Jones’ campaign brochure lists his past membership in the NSWPP (National Socialist White Peoples Party).

Jones calls for the impeachment of President George W. Bush and Vice President Richard Cheney, an unusual position for a Republican. Jones says that Bush and Cheney should be impeached for leading the country into the war in Iraq on behalf of a foreign power, Israel.

“If America is to survive and prosper, Bush and Cheney must go and take with them their corrupt Neo-Conservative Kosher-approved cohorts,” reads a statement on Jones campaign Web site.

Jones’ Web site also says Bush and Cheney should be impeached for failing to defend America’s borders, for supporting international trade treaties, for failing to use the veto to cut spending and for abusing civil liberties.

Jones supports the orderly, but speedy withdrawal of American troops from Iraq and Afghanistan. His also supports the repeal of what he calls treasonous trade treaties such as the North American Free Trade Agreement (NAFTA) and others.

He also supports replacing the federal income tax with a national sales tax.

Wardingley, 70, is a much lower key personality who has run for Congress numerous times, and in 1995 managed to become the Republican candidate for mayor in the City of Chicago.

“I am a regular guy,” said Wardingley who worked as taxi and limousine driver in a long and varied career that included acting in commercials. He developed his Spanky the Clown act and used it to raise money for St. Jude Hospital and in some of his past political campaigns, but now is tired of being called a clown.

“That was long time ago,” said Wardingley who says he hasn’t used the clown outfit since about 1995. “After a while you say enough is enough. I just put away that little red wig.”

He is a devout Catholic who describes himself as a Reagan Republican. At joint appearances he refuses to shake Jones’ hand.

“I won’t shake the hand that represents the same thing Hitler represented,” said Wardingley.

Wardingley runs his campaign out of his home in the Morgan Park neighborhood of Chicago. He estimates that he has spent about $1,100 of his own money on his campaign and has not raised any money from donors.

“Everybody knows who Ray Wardingley is. He’s run before; he is a perennial candidate,” said Cook County Commissioner Tony Peraica, a Riverside resident who’s the Republican committeeman for Lyons Township. “He has limited resources. He is what he is. He’s patriotic.

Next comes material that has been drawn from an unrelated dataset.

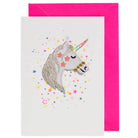 Unicorn head iron on patch greetings card by Petra Boase.  Printed card featuring a richly embroidered colourful patch.  The patch has an iron-on backing so can be removed from the card and ironed on to a favourite t-shirt, rucksack or whatever you like! Blank inside for your own message.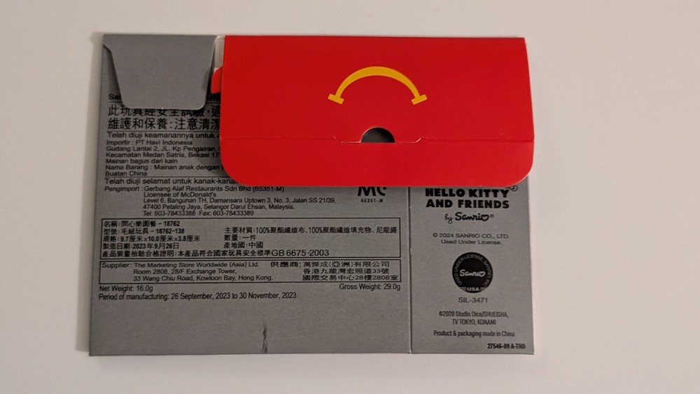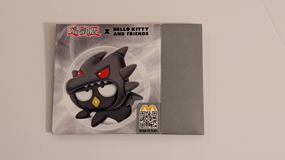 The product is a McDonald's Happy Meal toy collaboration between Yu-Gi-Oh and Hello Kitty featuring the character Badtz-Maru Red-Eyes Black Dragon. This limited edition character is part of a promotion that combines elements from both the Yu-Gi-Oh trading card game and the popular Sanrio character Hello Kitty, creating a unique and collectible item for fans of both franchises. New with box as pictured, box will be mailed flat and folded as pictured, shipping to US address only Happy Bidding!

Compared to Art Jones at least he’s not espousing dangerous views or supremacist views.”

The Riverside Township Republican organization has not endorsed either candidate in the race, said Riverside Republican Committeeman Judy Baar Topinka, who is in the midst of her own campaign for governor.

“We do not have any endorsed candidate in the 3rd Congressional District,” wrote Baar Topinka in an e-mail. “No one, including Wardingley made any approach to the Riverside GOP for an endorsement. He, nor any other candidate, appeared at our candidates night. And so, we have no endorsed candidate.”

Jim Nalepa, who gave William Lipinski his toughest race in 1994 is dismayed by the situation and blames poor Republican leadership.

“We should have been able to do better and we didn’t,” said Nalepa who no longer lives in the 3rd Congressional District, but has endorsed Wardingley. “The Republican Party in Cook County, Judy included, was asleep at the switch. Here we have such a lack of Republican leadership in the 3rd District that we have a clown versus a Nazi.”